* Information provided
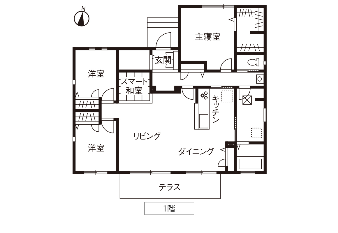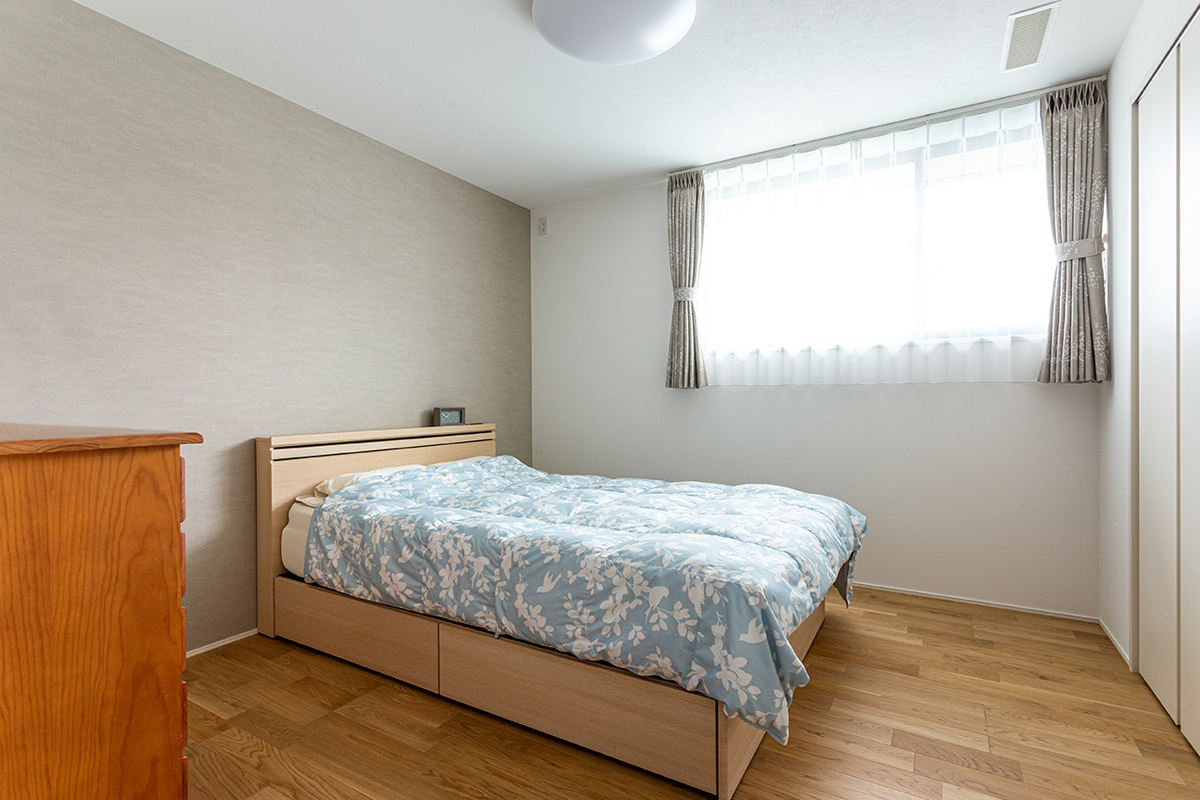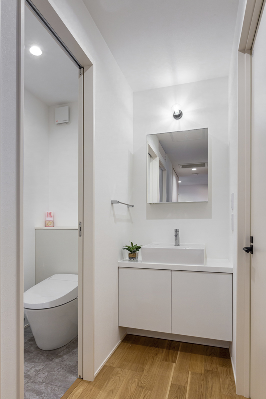 キッチンの裏に配置した脱衣兼ランドリースペースは、洗面スペースを別に設けたこともあり余裕のあるサイズ感。造り付けのカウンターは、落ち着いて座ってスキンケアやメイクができるので大活躍だそうです。また、全館空調「スマート・エアーズ」のおかげで、いつでも快適な室温なのも嬉しいポイント。朝の準備や入浴後も気持ち良く過ごせます。そこから扉を隔てて洗面台、トイレが続きます。洗面台が脱衣やランドリースペースと分離していることで、ゲストが手洗いする際、洗濯物など家族のプライベートな場所を見せずに済みます。また、水廻りはキッチン、寝室や玄関からもアクセスしやすく、且つ回遊できるので、少ない移動距離で生活ができて抜群の利便性です。
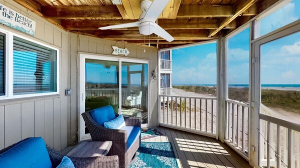 Bedroom 1: King bed, sitting/reading area, Smart Vizio TV , WiFi, sliding doors to screened in porch that walks directly onto the Beach
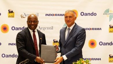 L-R: Wale Tinubu, CON, Group Chief Executive, Oando PLC and Guido Brusco, Chief Operating Officer, General Director of Natural Resources,…
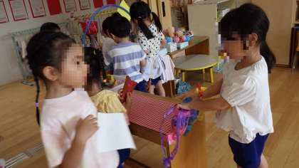 「いっぱいお客さん来た」「大忙しや」と言いながらも、表情はとても嬉しそうな子どもたちです。

* Exercise
Your job is to restate, word for word, only the lines from the one holding "Bedroom 1: King" through the end of the material; pictures stay out.

* Solution to the problem
 Bedroom 1: King bed, sitting/reading area, Smart Vizio TV , WiFi, sliding doors to screened in porch that walks directly onto the Beach
 L-R: Wale Tinubu, CON, Group Chief Executive, Oando PLC and Guido Brusco, Chief Operating Officer, General Director of Natural Resources,…
 「いっぱいお客さん来た」「大忙しや」と言いながらも、表情はとても嬉しそうな子どもたちです。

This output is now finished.